# ABOUT THIS TASK
The answer must be an exact printing of every record below, with the pictures omitted.

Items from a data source
◇ ◇ ◇ ◇
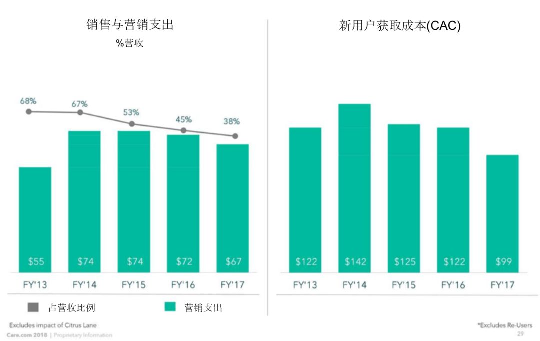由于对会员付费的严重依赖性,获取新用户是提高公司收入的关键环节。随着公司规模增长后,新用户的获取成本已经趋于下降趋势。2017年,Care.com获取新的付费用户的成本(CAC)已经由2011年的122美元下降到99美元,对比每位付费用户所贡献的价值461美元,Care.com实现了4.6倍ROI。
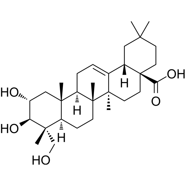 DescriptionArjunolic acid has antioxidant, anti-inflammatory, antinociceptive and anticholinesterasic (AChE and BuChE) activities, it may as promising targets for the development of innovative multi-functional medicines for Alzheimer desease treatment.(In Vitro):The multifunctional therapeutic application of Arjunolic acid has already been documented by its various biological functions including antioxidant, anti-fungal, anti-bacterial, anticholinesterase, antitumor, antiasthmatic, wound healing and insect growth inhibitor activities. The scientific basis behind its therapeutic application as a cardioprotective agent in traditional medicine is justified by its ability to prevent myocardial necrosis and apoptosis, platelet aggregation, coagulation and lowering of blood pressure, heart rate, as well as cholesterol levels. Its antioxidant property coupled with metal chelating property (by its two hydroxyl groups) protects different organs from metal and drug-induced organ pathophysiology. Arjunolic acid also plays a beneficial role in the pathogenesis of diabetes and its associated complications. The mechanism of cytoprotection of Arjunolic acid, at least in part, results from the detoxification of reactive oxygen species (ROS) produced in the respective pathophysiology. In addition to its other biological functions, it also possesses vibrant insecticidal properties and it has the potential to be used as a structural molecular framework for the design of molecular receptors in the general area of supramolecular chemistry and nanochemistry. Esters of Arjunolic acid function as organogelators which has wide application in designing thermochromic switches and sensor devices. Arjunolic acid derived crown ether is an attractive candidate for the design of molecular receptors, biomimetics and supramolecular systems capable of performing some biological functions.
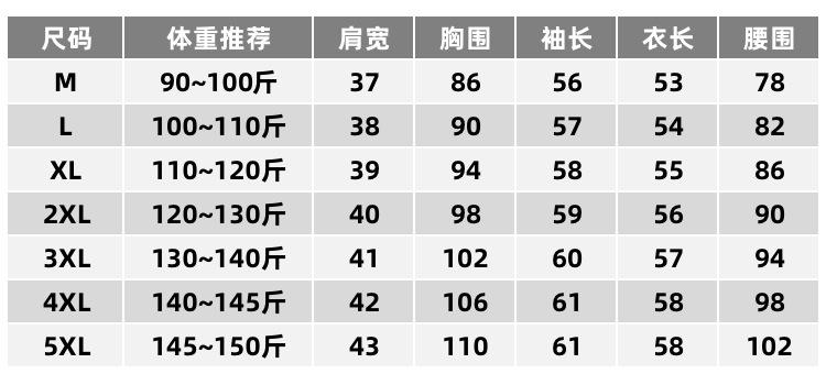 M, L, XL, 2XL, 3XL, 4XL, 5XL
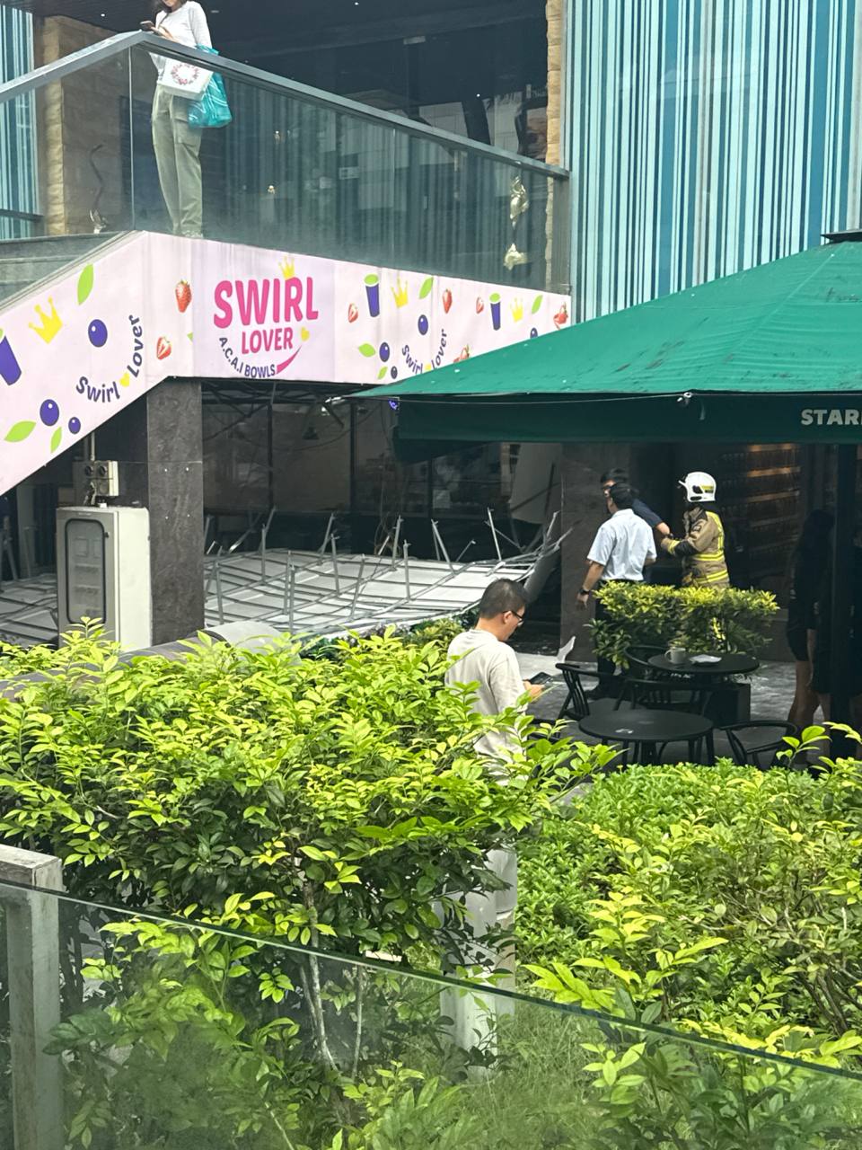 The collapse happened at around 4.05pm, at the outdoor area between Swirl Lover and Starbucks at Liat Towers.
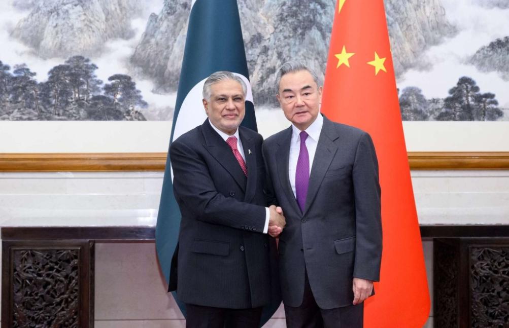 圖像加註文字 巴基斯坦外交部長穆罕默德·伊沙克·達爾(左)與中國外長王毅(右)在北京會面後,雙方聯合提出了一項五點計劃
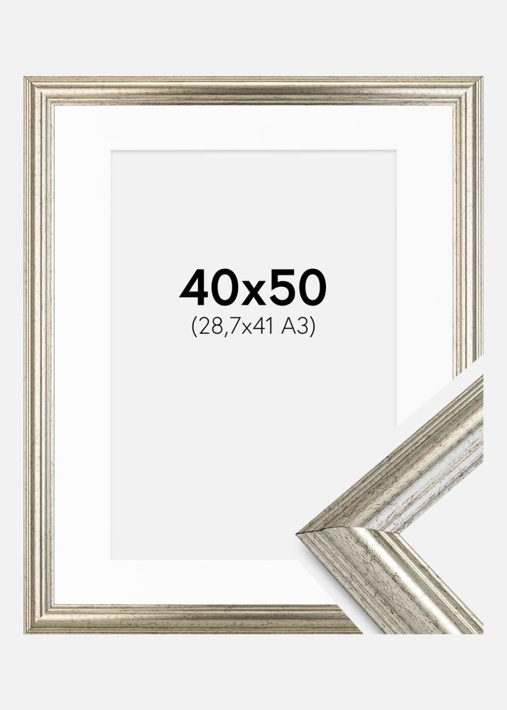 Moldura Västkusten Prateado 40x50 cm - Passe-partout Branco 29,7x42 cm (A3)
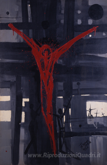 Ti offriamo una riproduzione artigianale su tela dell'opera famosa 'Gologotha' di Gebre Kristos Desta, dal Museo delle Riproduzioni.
◇ ◇ ◇ ◇
# RESULT
由于对会员付费的严重依赖性,获取新用户是提高公司收入的关键环节。随着公司规模增长后,新用户的获取成本已经趋于下降趋势。2017年,Care.com获取新的付费用户的成本(CAC)已经由2011年的122美元下降到99美元,对比每位付费用户所贡献的价值461美元,Care.com实现了4.6倍ROI。
 DescriptionArjunolic acid has antioxidant, anti-inflammatory, antinociceptive and anticholinesterasic (AChE and BuChE) activities, it may as promising targets for the development of innovative multi-functional medicines for Alzheimer desease treatment.(In Vitro):The multifunctional therapeutic application of Arjunolic acid has already been documented by its various biological functions including antioxidant, anti-fungal, anti-bacterial, anticholinesterase, antitumor, antiasthmatic, wound healing and insect growth inhibitor activities. The scientific basis behind its therapeutic application as a cardioprotective agent in traditional medicine is justified by its ability to prevent myocardial necrosis and apoptosis, platelet aggregation, coagulation and lowering of blood pressure, heart rate, as well as cholesterol levels. Its antioxidant property coupled with metal chelating property (by its two hydroxyl groups) protects different organs from metal and drug-induced organ pathophysiology. Arjunolic acid also plays a beneficial role in the pathogenesis of diabetes and its associated complications. The mechanism of cytoprotection of Arjunolic acid, at least in part, results from the detoxification of reactive oxygen species (ROS) produced in the respective pathophysiology. In addition to its other biological functions, it also possesses vibrant insecticidal properties and it has the potential to be used as a structural molecular framework for the design of molecular receptors in the general area of supramolecular chemistry and nanochemistry. Esters of Arjunolic acid function as organogelators which has wide application in designing thermochromic switches and sensor devices. Arjunolic acid derived crown ether is an attractive candidate for the design of molecular receptors, biomimetics and supramolecular systems capable of performing some biological functions.
 M, L, XL, 2XL, 3XL, 4XL, 5XL
 The collapse happened at around 4.05pm, at the outdoor area between Swirl Lover and Starbucks at Liat Towers.
 圖像加註文字 巴基斯坦外交部長穆罕默德·伊沙克·達爾(左)與中國外長王毅(右)在北京會面後,雙方聯合提出了一項五點計劃
 Moldura Västkusten Prateado 40x50 cm - Passe-partout Branco 29,7x42 cm (A3)
 Ti offriamo una riproduzione artigianale su tela dell'opera famosa 'Gologotha' di Gebre Kristos Desta, dal Museo delle Riproduzioni.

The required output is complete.